Day 14 — Cross-Entropy, Softmax & Classification Gradients

Every investment decision is ultimately a classification: buy, hold, or sell. The confidence in that classification determines position sizing. In neural networks, softmax converts raw scores into confidences, and cross-entropy measures how wrong those confidences are. Today you understand both at the deepest level.— Day 14 Principle, adapted from the Marks framework

I. Softmax — From Logits to Probabilities

Softmax converts a vector of real numbers (logits) into a probability distribution. Each element becomes exp(z_i) / sum(exp(z_j)). The result is always positive and sums to 1. The exp amplifies differences: a logit gap of 2.0 becomes a probability ratio of ∼7×.

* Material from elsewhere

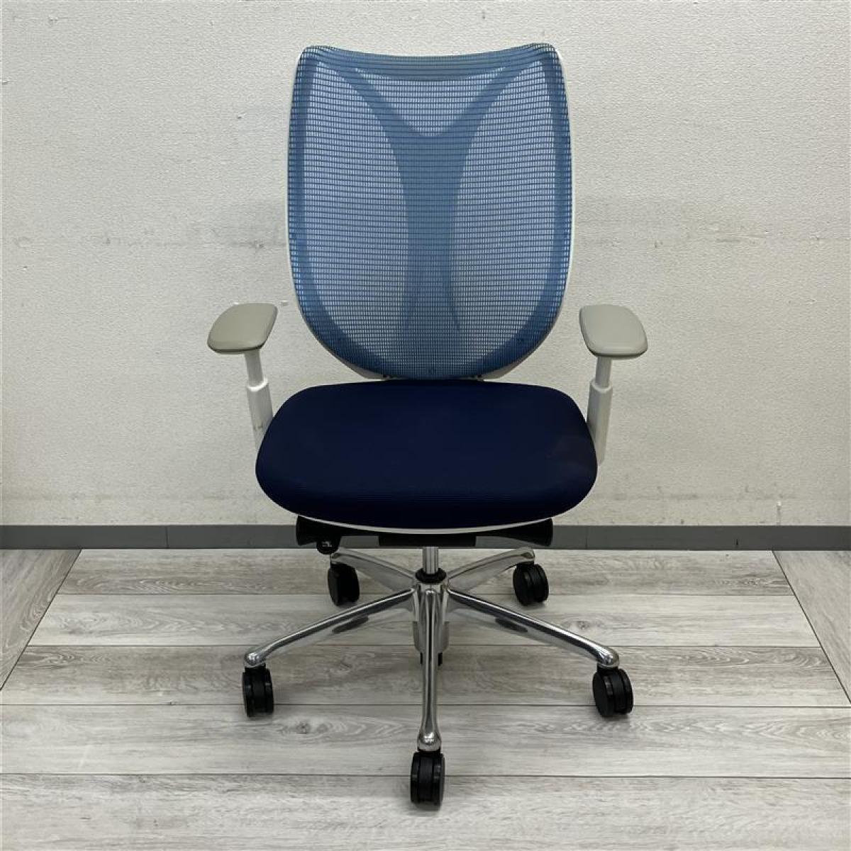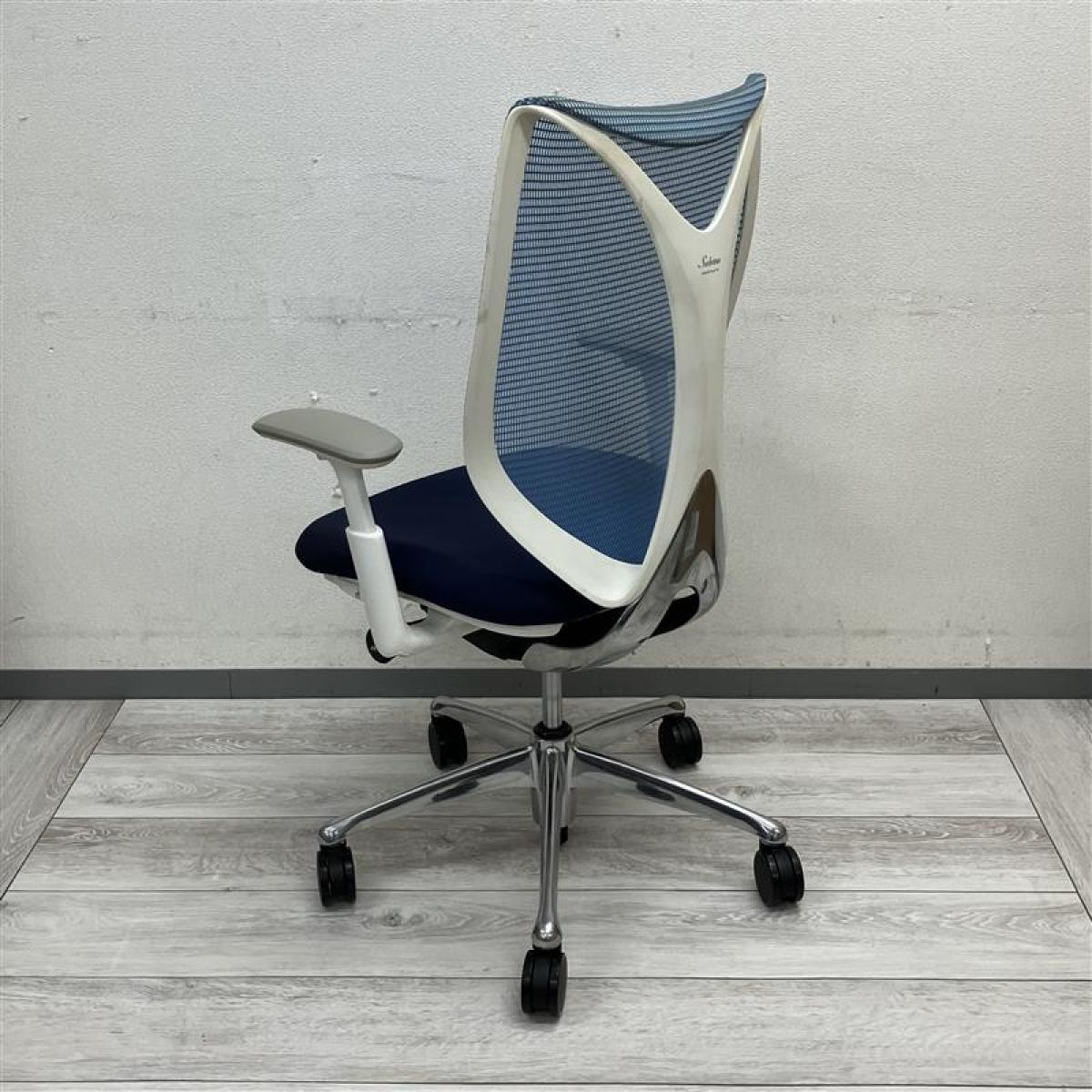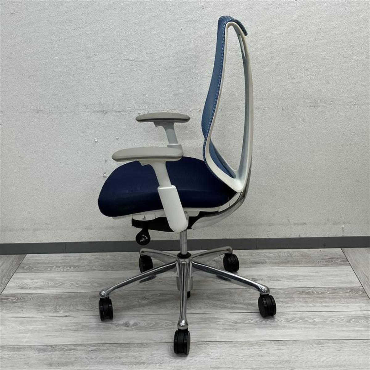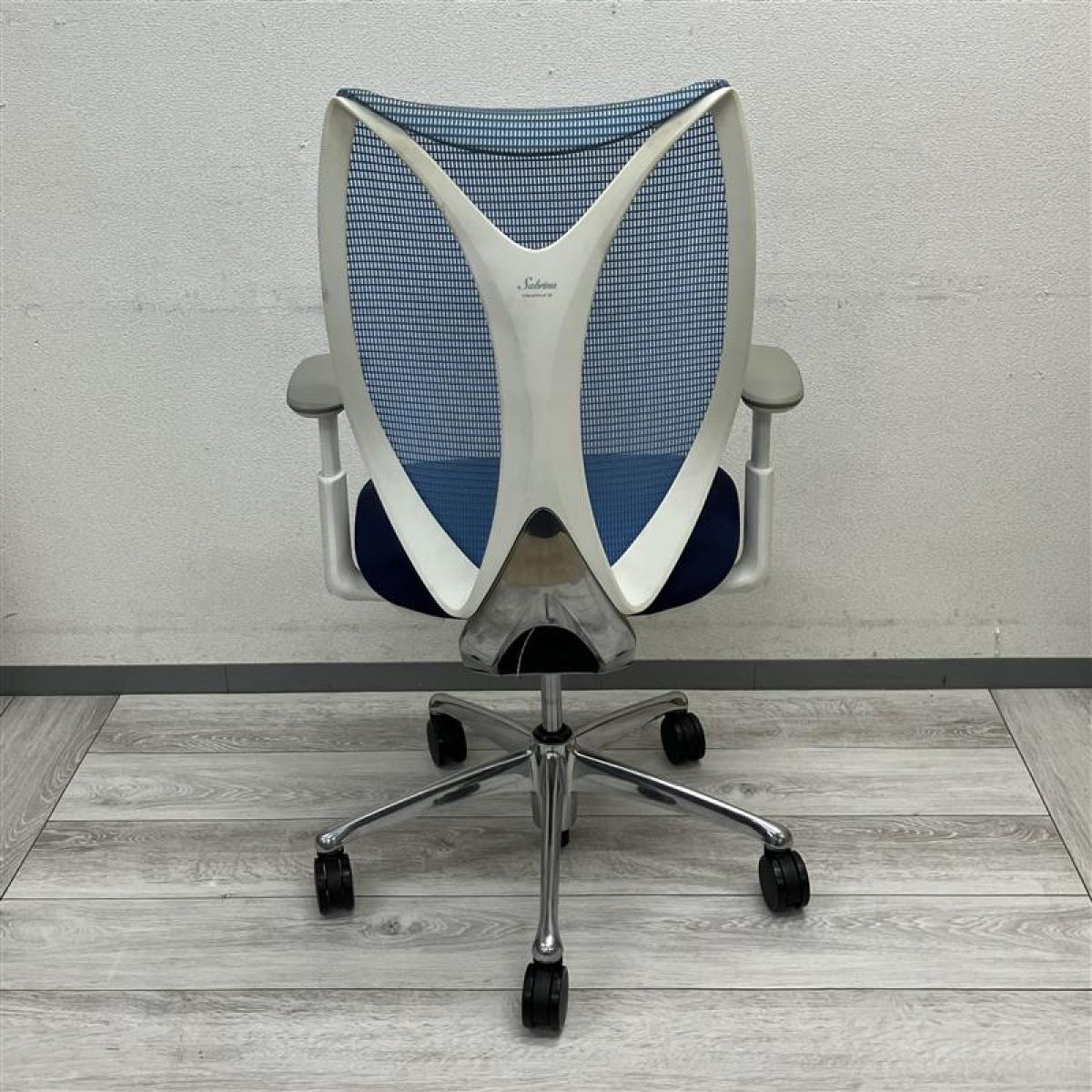 【在庫セール品】【定価約16万円】【前傾チルト付!流れるような美しいフォルムの最高級メッシュチェア!】■オカムラ(okamura)製 Sabrina(サブリナ) ハイバック 肘付き ■可動肘 ■背面メッシュ:アクアブルー/座面:ブルー×ホワイトフレーム【AD】

# Naive softmax (numerically unstable)
def softmax_naive(logits):
    counts = logits.exp()
    return counts / counts.sum(-1, keepdim=True)

# Stable softmax (subtract max for numerical stability)
def softmax_stable(logits):
    logits = logits - logits.max(-1, keepdim=True).values
    counts = logits.exp()
    return counts / counts.sum(-1, keepdim=True)
  

II. Cross-Entropy Loss — The Elegant Gradient

Cross-entropy loss for classification: L = -log(p[correct_class]). The gradient with respect to logits has a beautiful closed form: dL/dz = softmax(z) - one_hot(target). This means the gradient is simply “what the model predicted minus what should have been predicted.”

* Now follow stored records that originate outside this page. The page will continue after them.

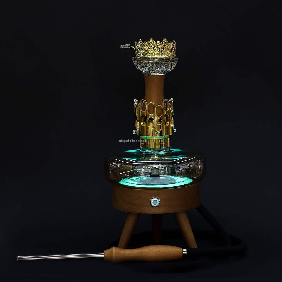In Stock Touch Switch Hookah Set Technique LED Light Atmosphere Metal Chicha Narghile Solid Wood Flying Saucer Shisha
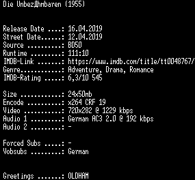 | FiLENAME: | Die.Unbezaehmbaren.German.1955.AC3.BDRiP.x264-SPiCY.mkv |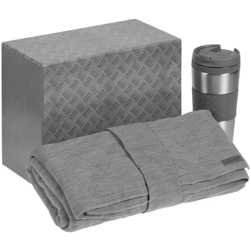 акрил, коробка - микрогофрокартон, плотность 240 г/м², металл, микрогофрокартон, плед - акрил, полноцветный лайнер, термостакан - металл, пластик, силикон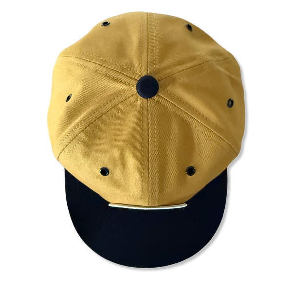 Mustard Gold crown with contrasting Black brim, Button and eyelets. Cream under brim.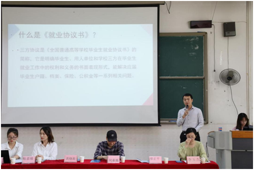 会上,廖正平老师就目前紧张的就业形势进行分析,提醒同学们早做准备,把握好每一个就业机会;讲解了签订《就业协议书》的注意事项,签订就业协议意味着同学们的第一份工作确定,签订前应仔细考虑不要随意违约;解读了毕业生择业期政策,解开同学们的疑惑;鼓励大家积极参加职业生涯规划大赛,并祝愿大家前程似锦!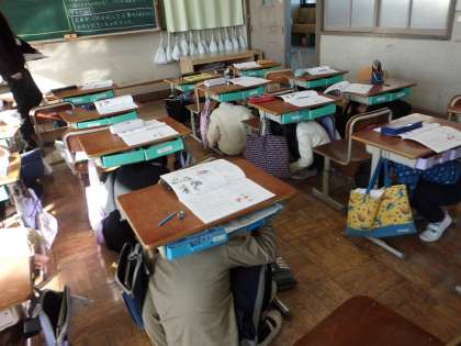 避難訓練の時の様子です。速やかに、机の下に入っていました。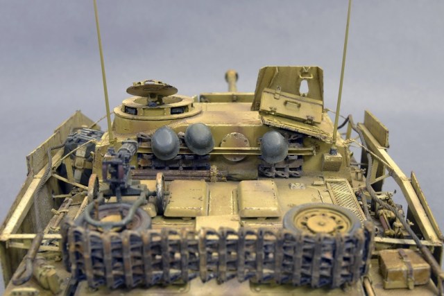 изначально не хотел делать совсем "убитую" машину и сколов сделал не так уж и много, спонжем стараюсь не работать, всё делаю тонкой кистью, а потёртости-это на вкус и цвет..., я не злоупотребляю сухой кистью, так как считаю, что не тёрли немцы свой танк без нужды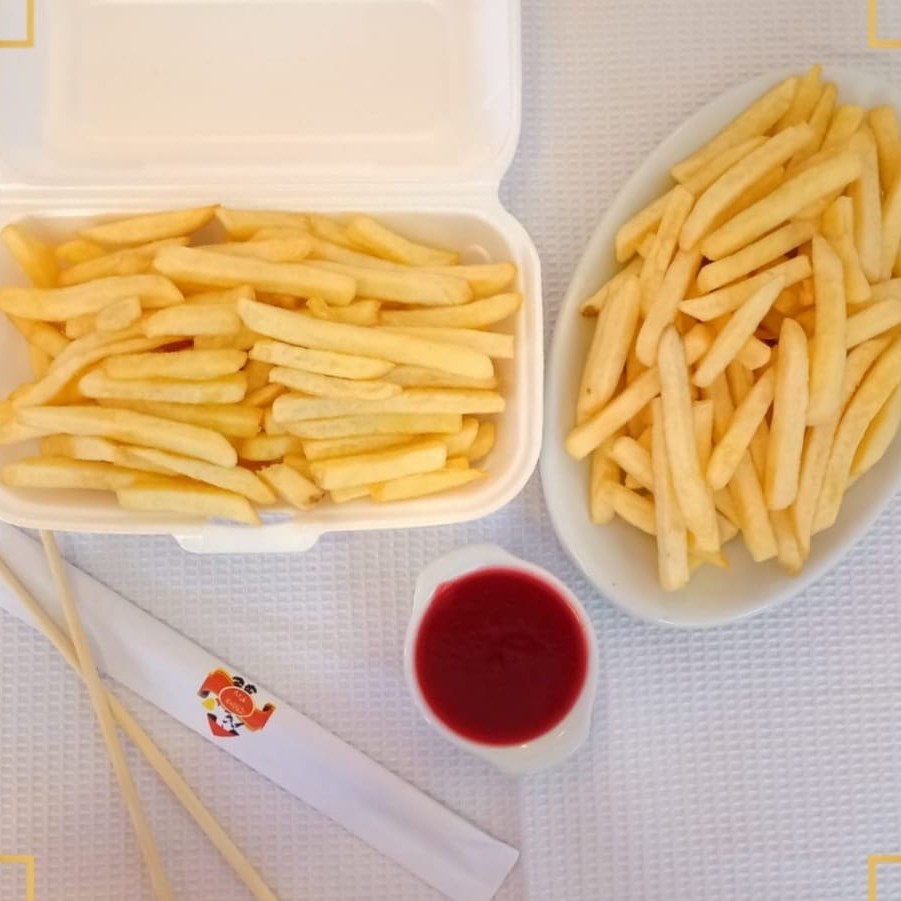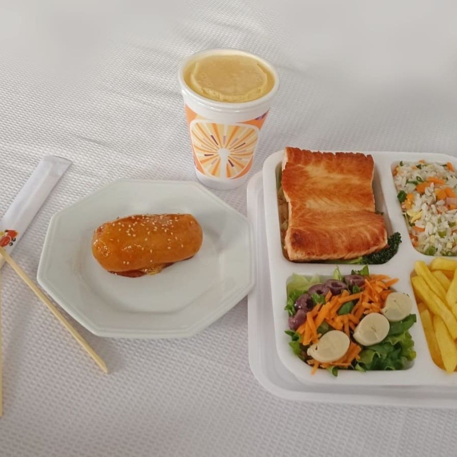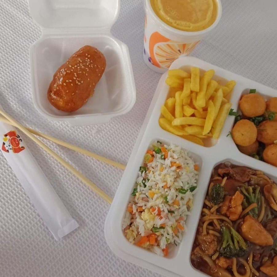 Arroz primavera, frango empanado, batata frita ou salada especial (alface americana, rúcula, cenoura, azeitonas e molho especial), acompanha suco de laranja 400ml ou 1 unidade de banana caramelada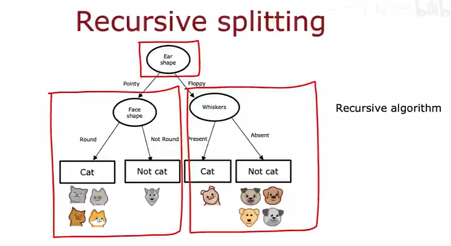 如图所示,在根据"Ear shape"分裂后,算法会对"Pointy"和"Floppy"两个子节点分别应用相同的逻辑,继续寻找最佳分裂特征("Face shape"和"Whiskers"),从而构建出完整的决策树。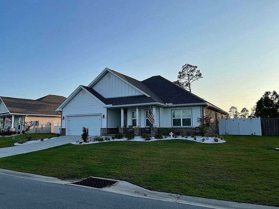 This home has vinyl plank flooring throughout the common areas and plush carpet in each of the bedrooms. The walls are orange peel texture and finished with quality paint, elegant interior doors have brushed nickel hardware and the ceilings are 9' throughout most of the home. The living room and Master suite have trey ceilings. The kitchen opens to the large living room is perfect for entertaining. The appliances include a dishwasher, stove, and microwave. Beautiful cabinetry and a nice sized pantry allow for plenty of storage. The master bedroom has a large walk-in closet and a bath with a dual sink vanity, and separate shower and a large soak tub.Fanning Bayou is a natural and secluded settingsurrounded by conservation habitat yet within proximity to shopping, dining, and the new Panama City International Airport.The neighborhood has a gorgeous pool house complete with a 5,000-SF pool, open and shaded lounge areas, entertainmentpavilion and green. Pictures, photographs, floor plans, elevations, features, colors, and sizes are approximate for illustrationpurposes only and will vary from the homes as built. Home and community information including pricing included features,terms, availability, and amenities are subject to change and prior sale at any time without notice or obligation.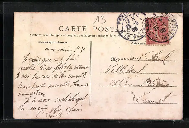 alte Ansichtskarte, gelaufen 1908, Stempelspur, guter Zustand

Why F.cross_entropy Combines Everything

Computing exp, then log, then negating is numerically wasteful and dangerous (overflow/underflow). PyTorch’s F.cross_entropy uses the log-sum-exp trick internally: log(softmax(z)) = z - log(sum(exp(z))). This is exact, stable, and fast. Always use it instead of manual softmax + log + nll.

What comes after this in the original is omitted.